RECORDED DATA Block Start

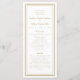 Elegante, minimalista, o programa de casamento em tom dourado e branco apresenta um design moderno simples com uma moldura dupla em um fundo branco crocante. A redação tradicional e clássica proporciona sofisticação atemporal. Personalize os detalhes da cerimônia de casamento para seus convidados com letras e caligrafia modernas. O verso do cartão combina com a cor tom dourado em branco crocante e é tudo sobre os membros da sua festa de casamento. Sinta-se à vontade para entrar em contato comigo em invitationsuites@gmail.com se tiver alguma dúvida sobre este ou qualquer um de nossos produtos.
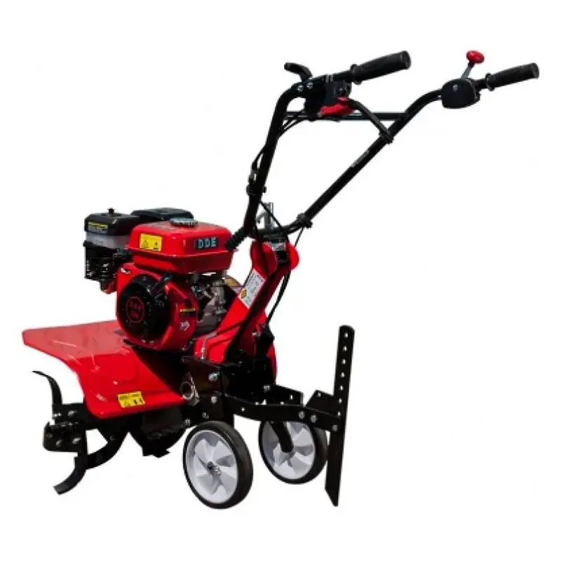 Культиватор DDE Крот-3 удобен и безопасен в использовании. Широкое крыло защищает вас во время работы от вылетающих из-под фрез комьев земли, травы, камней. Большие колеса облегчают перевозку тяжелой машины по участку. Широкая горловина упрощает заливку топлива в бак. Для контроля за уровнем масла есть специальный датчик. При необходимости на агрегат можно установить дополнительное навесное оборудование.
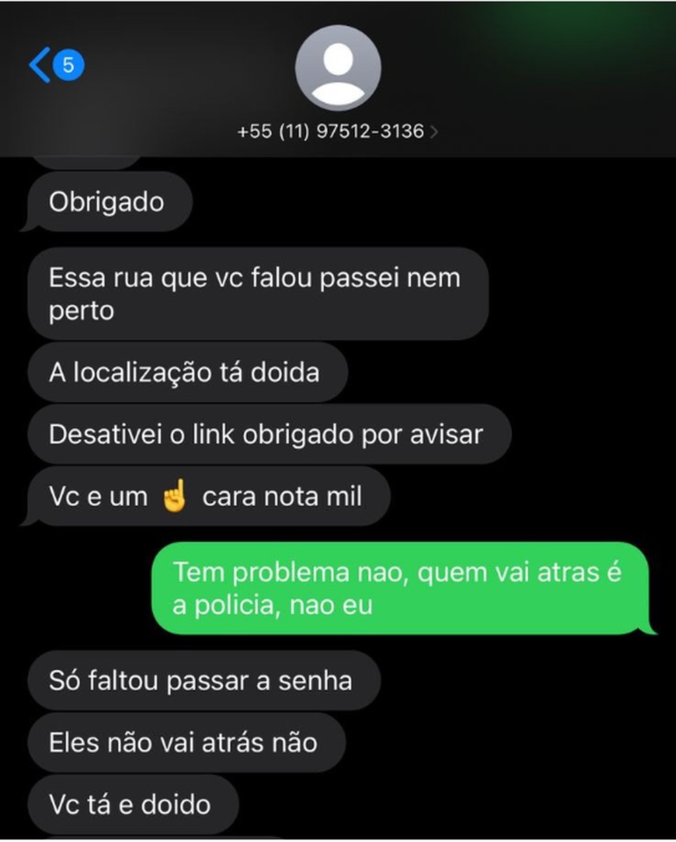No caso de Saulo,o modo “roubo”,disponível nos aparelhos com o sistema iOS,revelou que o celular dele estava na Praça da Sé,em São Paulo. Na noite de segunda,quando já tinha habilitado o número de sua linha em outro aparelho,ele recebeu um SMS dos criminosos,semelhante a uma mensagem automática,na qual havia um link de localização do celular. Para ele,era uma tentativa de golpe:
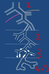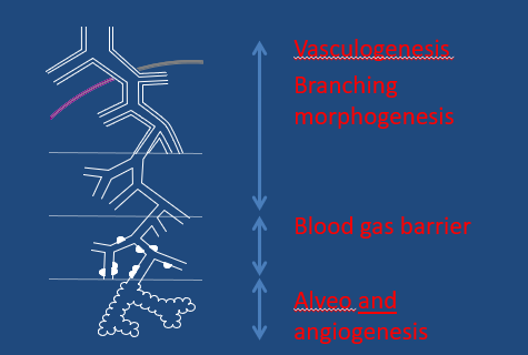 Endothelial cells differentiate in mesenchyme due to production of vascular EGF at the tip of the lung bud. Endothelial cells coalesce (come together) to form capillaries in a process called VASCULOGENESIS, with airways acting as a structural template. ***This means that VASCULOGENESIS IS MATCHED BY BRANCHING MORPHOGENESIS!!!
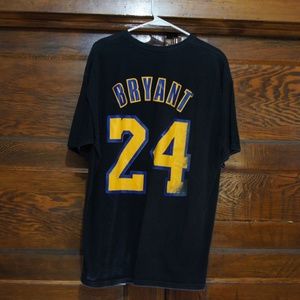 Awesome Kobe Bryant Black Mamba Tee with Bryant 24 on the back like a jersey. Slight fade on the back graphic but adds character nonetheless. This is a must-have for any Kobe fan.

RECORDED DATA Block End
RECORDED DATA Block Start

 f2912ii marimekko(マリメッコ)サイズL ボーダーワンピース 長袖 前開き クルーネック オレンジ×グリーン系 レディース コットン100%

RECORDED DATA Block End

● **EXERCISE DIRECTIONS**
From the records above, copy only the lines running from the line containing "Elegante, minimalista, o" to the line containing "Endothelial cells differentiate", both ends included. Leave the pictures out.

● **EXERCISE SOLUTION**
 Elegante, minimalista, o programa de casamento em tom dourado e branco apresenta um design moderno simples com uma moldura dupla em um fundo branco crocante. A redação tradicional e clássica proporciona sofisticação atemporal. Personalize os detalhes da cerimônia de casamento para seus convidados com letras e caligrafia modernas. O verso do cartão combina com a cor tom dourado em branco crocante e é tudo sobre os membros da sua festa de casamento. Sinta-se à vontade para entrar em contato comigo em invitationsuites@gmail.com se tiver alguma dúvida sobre este ou qualquer um de nossos produtos.
 Культиватор DDE Крот-3 удобен и безопасен в использовании. Широкое крыло защищает вас во время работы от вылетающих из-под фрез комьев земли, травы, камней. Большие колеса облегчают перевозку тяжелой машины по участку. Широкая горловина упрощает заливку топлива в бак. Для контроля за уровнем масла есть специальный датчик. При необходимости на агрегат можно установить дополнительное навесное оборудование.
No caso de Saulo,o modo “roubo”,disponível nos aparelhos com o sistema iOS,revelou que o celular dele estava na Praça da Sé,em São Paulo. Na noite de segunda,quando já tinha habilitado o número de sua linha em outro aparelho,ele recebeu um SMS dos criminosos,semelhante a uma mensagem automática,na qual havia um link de localização do celular. Para ele,era uma tentativa de golpe:
 Endothelial cells differentiate in mesenchyme due to production of vascular EGF at the tip of the lung bud. Endothelial cells coalesce (come together) to form capillaries in a process called VASCULOGENESIS, with airways acting as a structural template. ***This means that VASCULOGENESIS IS MATCHED BY BRANCHING MORPHOGENESIS!!!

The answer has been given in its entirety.